In this thesis, we present novel methods to enhance speech corrupted by noise. All methods are based on the processing of complex-valued spectral data. First, kernel principal component analysis (PCA) for speech enhancement is proposed. Subsequently, a simplification of kernel PCA, called pre-image iterations (PI), is derived. This method computes enhanced feature vectors iteratively by linear combination of noisy feature vectors. The weighting for the linear combination is found by a kernel function that measures the similarity between the feature vectors. The kernel variance is a key parameter for the degree of de-noising and has to be set according to the signal-to-noise ratio (SNR).
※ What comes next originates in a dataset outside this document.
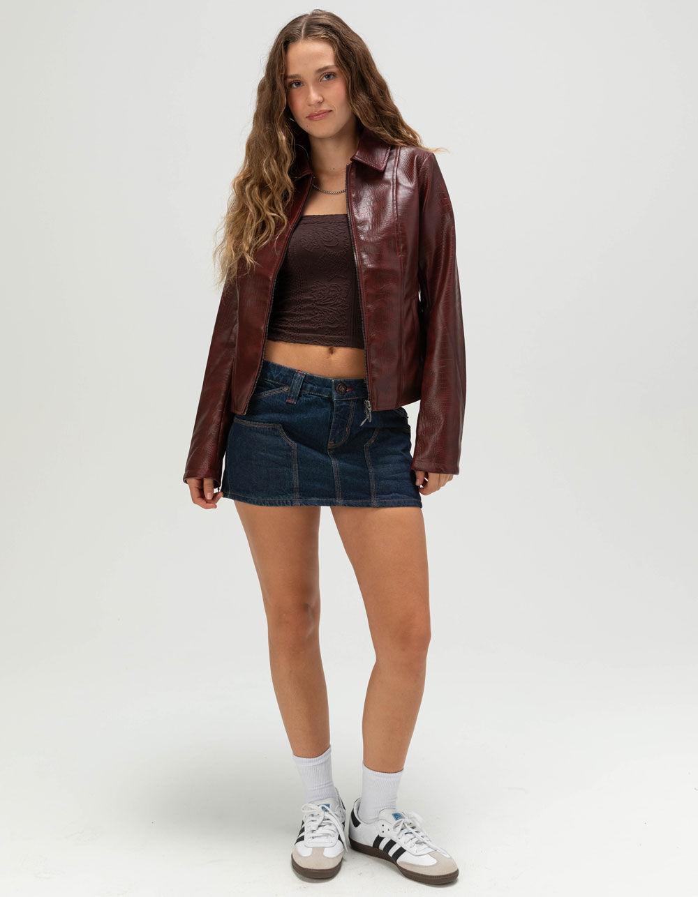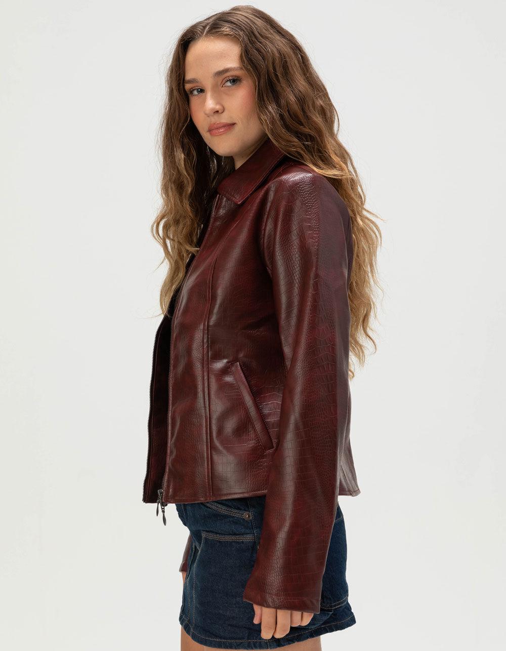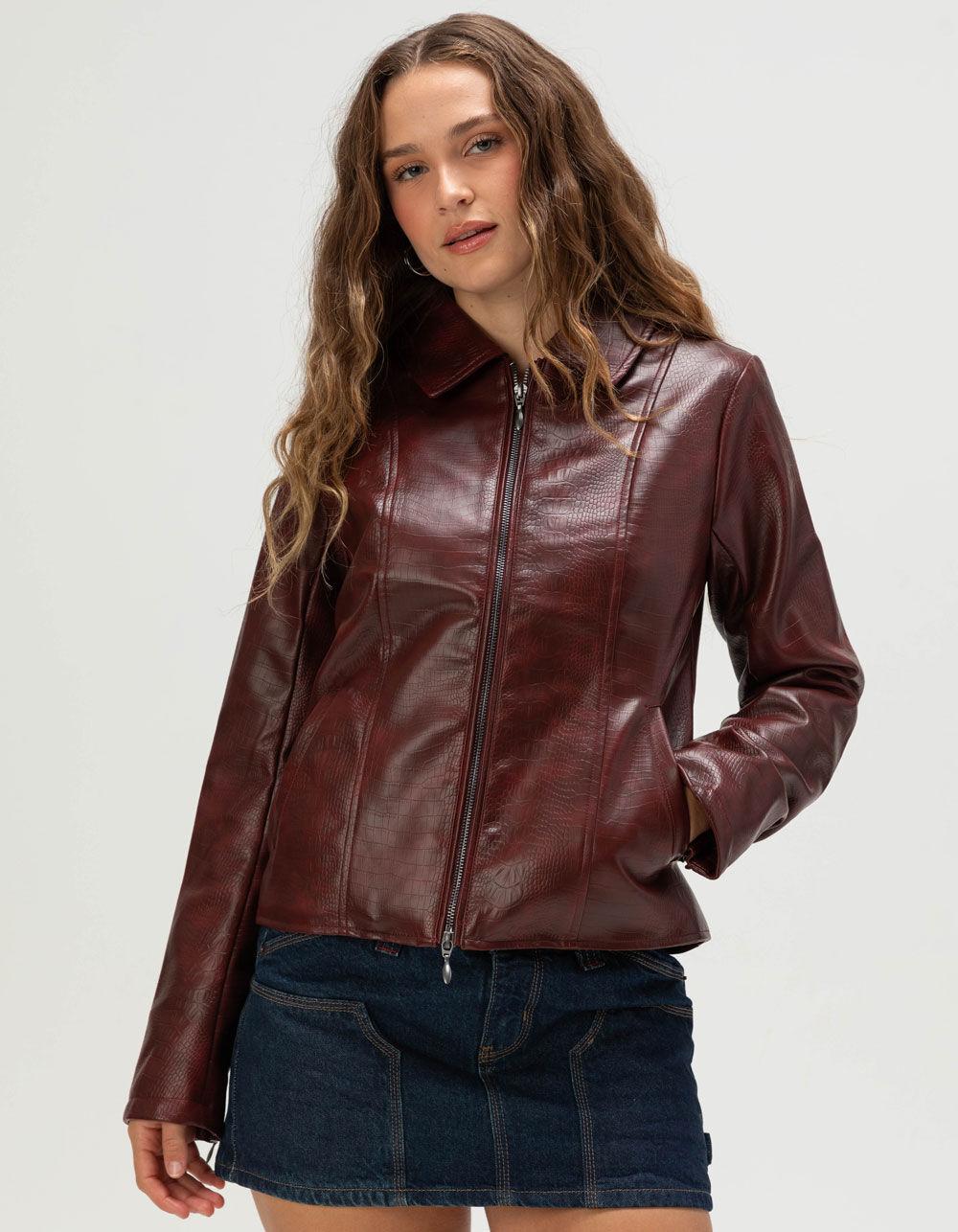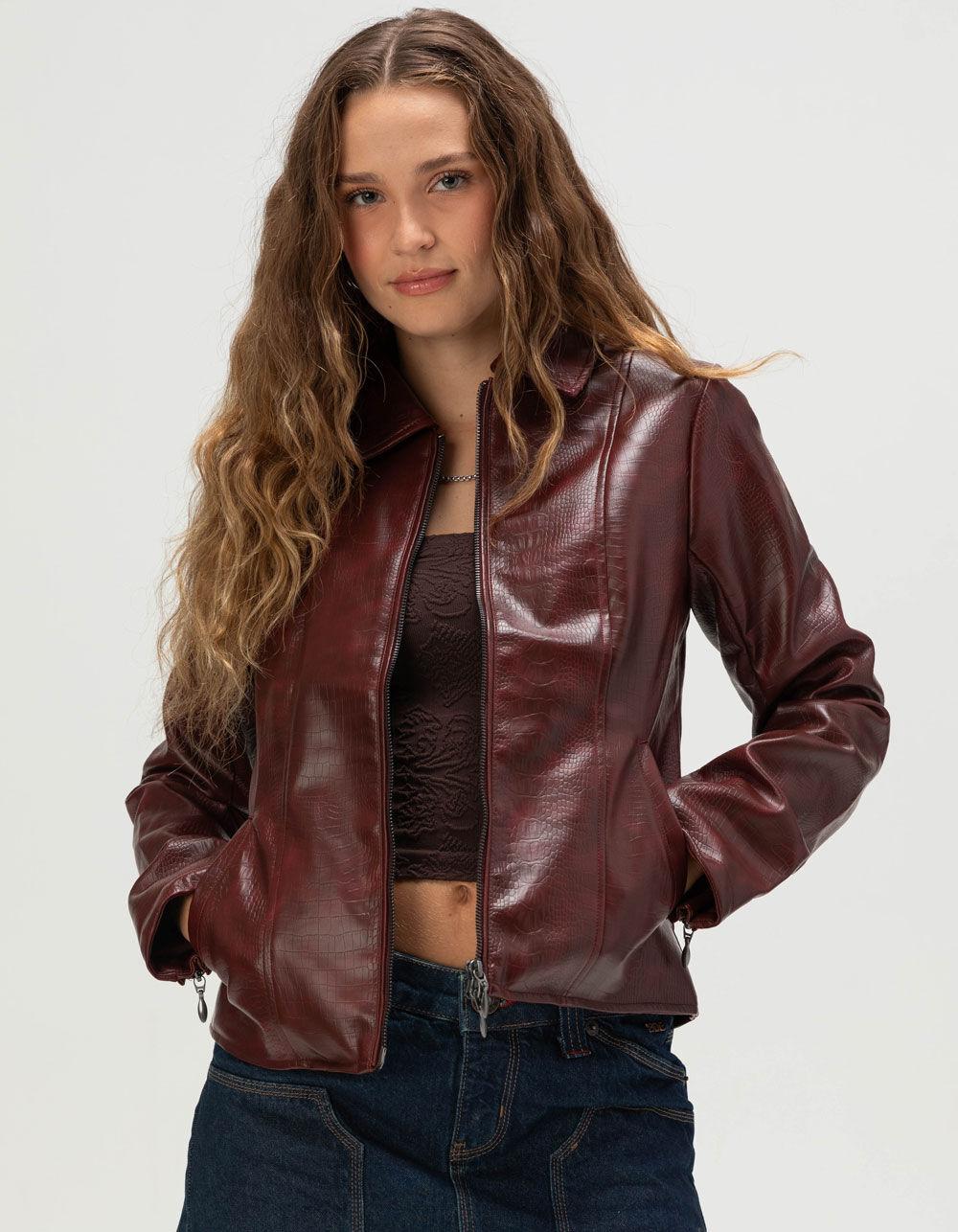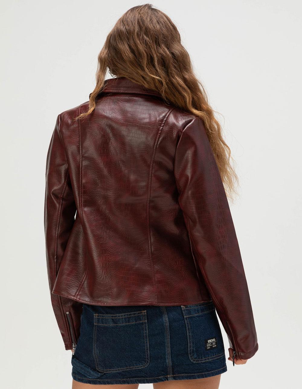 BDG Urban Outfitters Fitted Faux Leather Jacket. Faux leather jacket with textured finish. Slant front pockets. Zip-up front closure. Collar neck. Long sleeves with zip cuffs. Lined. Polyurethane. Lining: 100% Polyester. Machine wash. Imported.

Initially, PI were proposed for speech corrupted by additive white Gaussian noise. To be independent of knowledge about the SNR and to generalize to other stationary noise types, PI are extended by automatic determination of the kernel variance for white and colored noise. This enables a setting of the kernel variance without prior knowledge about the SNR. For colored noise this setting is frequency-dependent.  PI are executed on feature vectors extracted from the spectral representation. Analysis of PI shows that the convergence behavior of the feature vectors reveals information about the signal content. We use this information to segment the spectral representation in speech and non-speech regions and derive a mask for musical noise suppression
 in enhanced speech as a post-processing step. We evaluate the proposed methods by listening, visual inspection of the spectrograms, by objective quality measures and the word accuracy of an automatic speech recognizer. Listening to the utterances and visual inspection of the spectrograms confirm the suppression of noise. No musical noise occurs, however, there is some residual noise around speech components. In terms of objective quality measures, the proposed methods achieve similar results as the generalized subspace method, spectral subtraction and the minimum mean-square error log-spectral amplitude estimator evaluated on speech corrupted by white noise. PI with automatic determination of the kernel variance achieve better results than the initial PI method. For colored noise, the performance of PI is better than the performance of the generalized subspace method, but weaker than the performance of the other two reference methods. In terms of automatic speech recognition, PI with automatic determination of the kernel variance achieve a performance superior to the generalized subspace method and similar to spectral subtraction, while the minimum mean-square error log-spectral amplitude estimator achieves higher recognition results.